Could you repeat the entries below exactly, but only from the line with "ပြောကြားပြီး (မြန်မာ့သိုင်း ကျိုခဲရင်း" through the line with "記録的な大雨により百名の死者", and without any picture?

<<<<

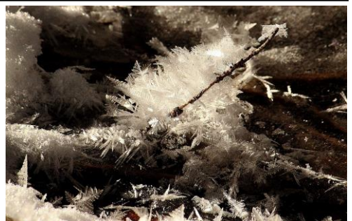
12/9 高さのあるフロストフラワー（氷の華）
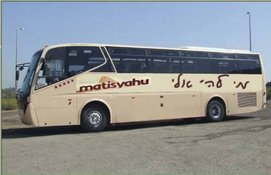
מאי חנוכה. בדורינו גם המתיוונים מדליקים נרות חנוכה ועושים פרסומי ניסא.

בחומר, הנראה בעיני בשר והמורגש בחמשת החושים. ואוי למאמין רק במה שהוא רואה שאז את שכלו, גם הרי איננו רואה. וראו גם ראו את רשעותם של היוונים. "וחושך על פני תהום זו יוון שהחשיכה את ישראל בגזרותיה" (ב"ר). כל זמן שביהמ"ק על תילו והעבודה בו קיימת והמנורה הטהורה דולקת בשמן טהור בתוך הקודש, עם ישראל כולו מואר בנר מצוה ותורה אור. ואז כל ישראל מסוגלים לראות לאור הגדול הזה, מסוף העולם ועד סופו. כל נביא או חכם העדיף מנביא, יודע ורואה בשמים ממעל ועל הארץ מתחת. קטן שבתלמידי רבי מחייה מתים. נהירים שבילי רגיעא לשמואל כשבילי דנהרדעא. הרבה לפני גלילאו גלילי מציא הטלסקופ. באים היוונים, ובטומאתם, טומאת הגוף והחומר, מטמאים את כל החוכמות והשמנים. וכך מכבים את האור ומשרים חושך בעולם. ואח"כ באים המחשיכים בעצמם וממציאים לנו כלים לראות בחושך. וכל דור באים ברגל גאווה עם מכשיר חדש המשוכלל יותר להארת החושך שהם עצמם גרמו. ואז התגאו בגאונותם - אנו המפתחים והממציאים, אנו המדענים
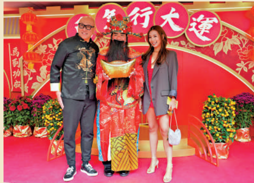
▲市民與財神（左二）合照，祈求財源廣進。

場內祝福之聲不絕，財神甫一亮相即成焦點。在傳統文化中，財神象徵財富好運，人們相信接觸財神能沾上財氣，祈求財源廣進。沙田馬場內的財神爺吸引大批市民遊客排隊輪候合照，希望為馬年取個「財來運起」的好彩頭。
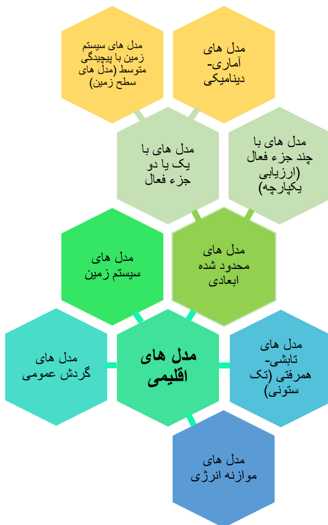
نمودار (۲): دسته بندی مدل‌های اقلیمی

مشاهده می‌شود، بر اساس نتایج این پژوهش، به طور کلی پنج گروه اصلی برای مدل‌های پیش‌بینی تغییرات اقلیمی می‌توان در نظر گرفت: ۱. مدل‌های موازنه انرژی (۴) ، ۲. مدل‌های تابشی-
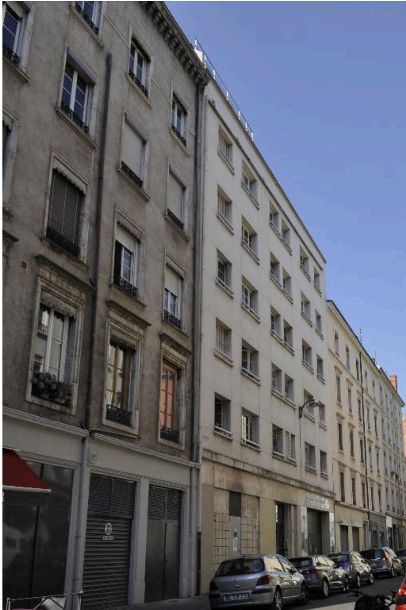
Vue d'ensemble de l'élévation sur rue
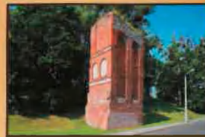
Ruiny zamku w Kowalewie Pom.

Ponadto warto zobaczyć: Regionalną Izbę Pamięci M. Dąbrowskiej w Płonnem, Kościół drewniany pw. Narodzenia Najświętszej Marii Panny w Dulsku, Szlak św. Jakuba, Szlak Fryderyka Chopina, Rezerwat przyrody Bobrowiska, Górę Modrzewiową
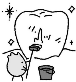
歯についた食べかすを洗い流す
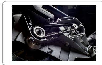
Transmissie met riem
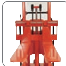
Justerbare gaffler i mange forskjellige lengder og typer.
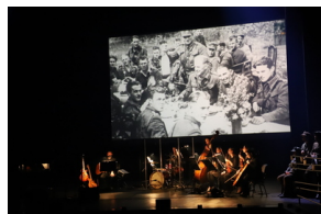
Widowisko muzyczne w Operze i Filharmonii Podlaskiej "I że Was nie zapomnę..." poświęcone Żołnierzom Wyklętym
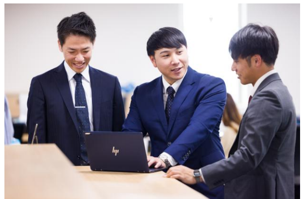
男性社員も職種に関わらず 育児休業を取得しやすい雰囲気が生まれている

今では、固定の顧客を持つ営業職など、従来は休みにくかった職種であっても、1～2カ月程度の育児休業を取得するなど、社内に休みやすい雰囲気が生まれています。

>>>>
<<<<

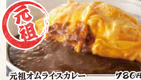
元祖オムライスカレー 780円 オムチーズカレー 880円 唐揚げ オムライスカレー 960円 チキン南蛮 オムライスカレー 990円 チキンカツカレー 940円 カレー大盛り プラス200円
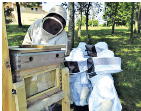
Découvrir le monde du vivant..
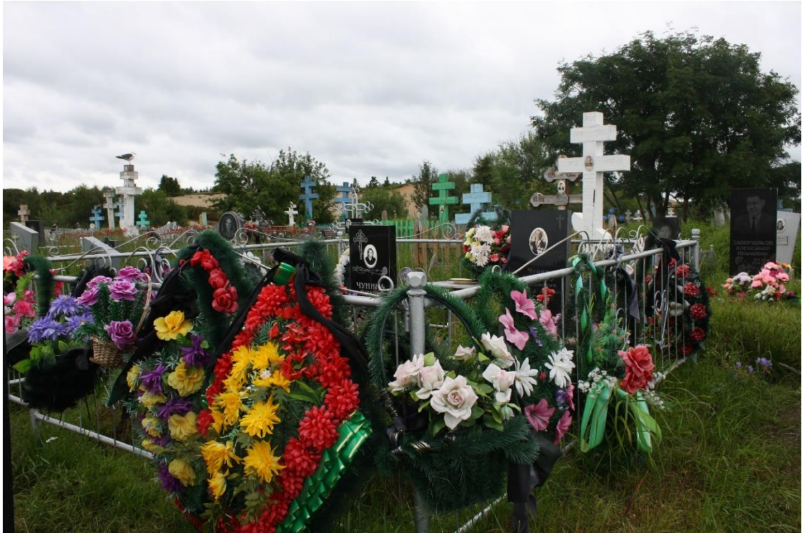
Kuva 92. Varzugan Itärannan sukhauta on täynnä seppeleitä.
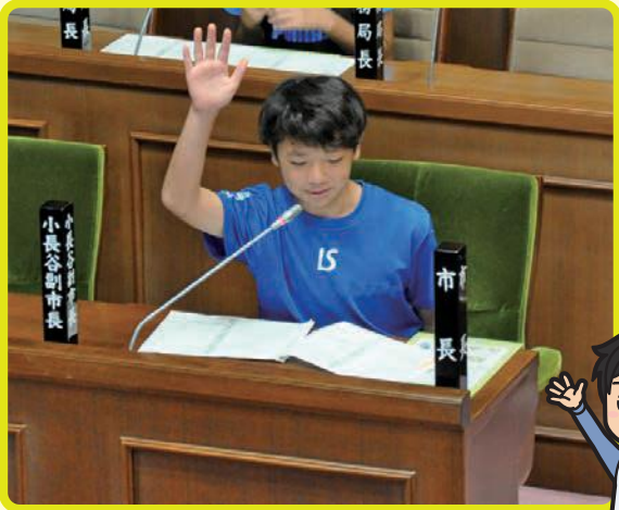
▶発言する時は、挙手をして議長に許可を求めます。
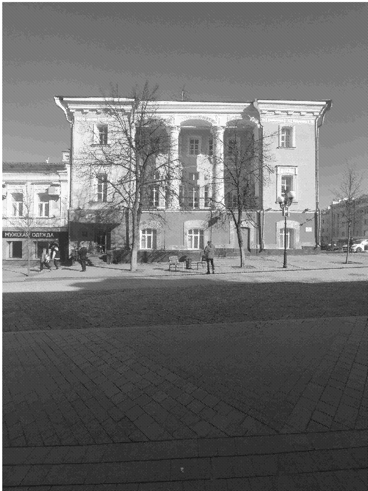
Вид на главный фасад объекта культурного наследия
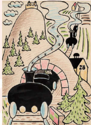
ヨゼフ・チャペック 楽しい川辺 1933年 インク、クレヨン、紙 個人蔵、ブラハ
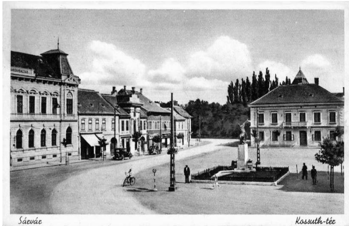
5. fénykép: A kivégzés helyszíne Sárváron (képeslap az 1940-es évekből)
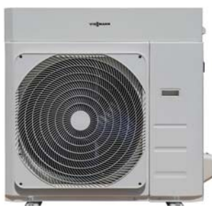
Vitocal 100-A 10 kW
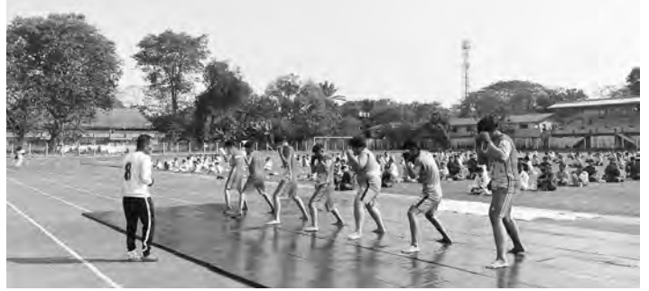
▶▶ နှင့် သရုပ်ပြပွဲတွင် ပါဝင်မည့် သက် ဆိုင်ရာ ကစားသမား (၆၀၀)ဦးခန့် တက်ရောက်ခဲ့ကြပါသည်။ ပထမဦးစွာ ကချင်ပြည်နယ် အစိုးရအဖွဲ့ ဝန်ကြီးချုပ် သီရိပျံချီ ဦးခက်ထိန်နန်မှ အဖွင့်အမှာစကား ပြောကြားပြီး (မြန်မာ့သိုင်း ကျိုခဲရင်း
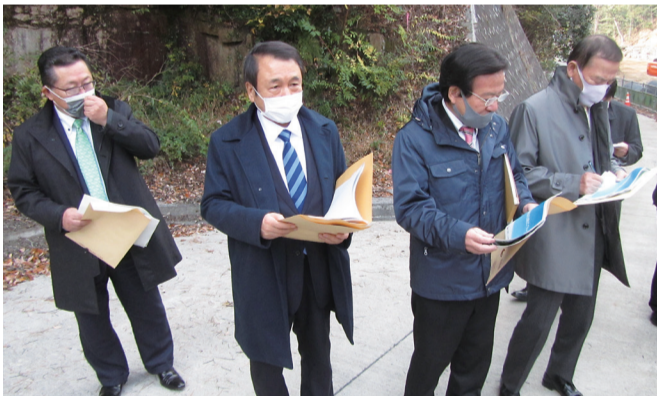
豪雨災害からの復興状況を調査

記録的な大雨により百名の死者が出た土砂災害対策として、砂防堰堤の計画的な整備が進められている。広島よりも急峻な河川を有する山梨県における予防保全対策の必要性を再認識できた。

>>>>

**ANSWER SECTION**
▶▶ နှင့် သရုပ်ပြပွဲတွင် ပါဝင်မည့် သက် ဆိုင်ရာ ကစားသမား (၆၀၀)ဦးခန့် တက်ရောက်ခဲ့ကြပါသည်။ ပထမဦးစွာ ကချင်ပြည်နယ် အစိုးရအဖွဲ့ ဝန်ကြီးချုပ် သီရိပျံချီ ဦးခက်ထိန်နန်မှ အဖွင့်အမှာစကား ပြောကြားပြီး (မြန်မာ့သိုင်း ကျိုခဲရင်း
豪雨災害からの復興状況を調査

記録的な大雨により百名の死者が出た土砂災害対策として、砂防堰堤の計画的な整備が進められている。広島よりも急峻な河川を有する山梨県における予防保全対策の必要性を再認識できた。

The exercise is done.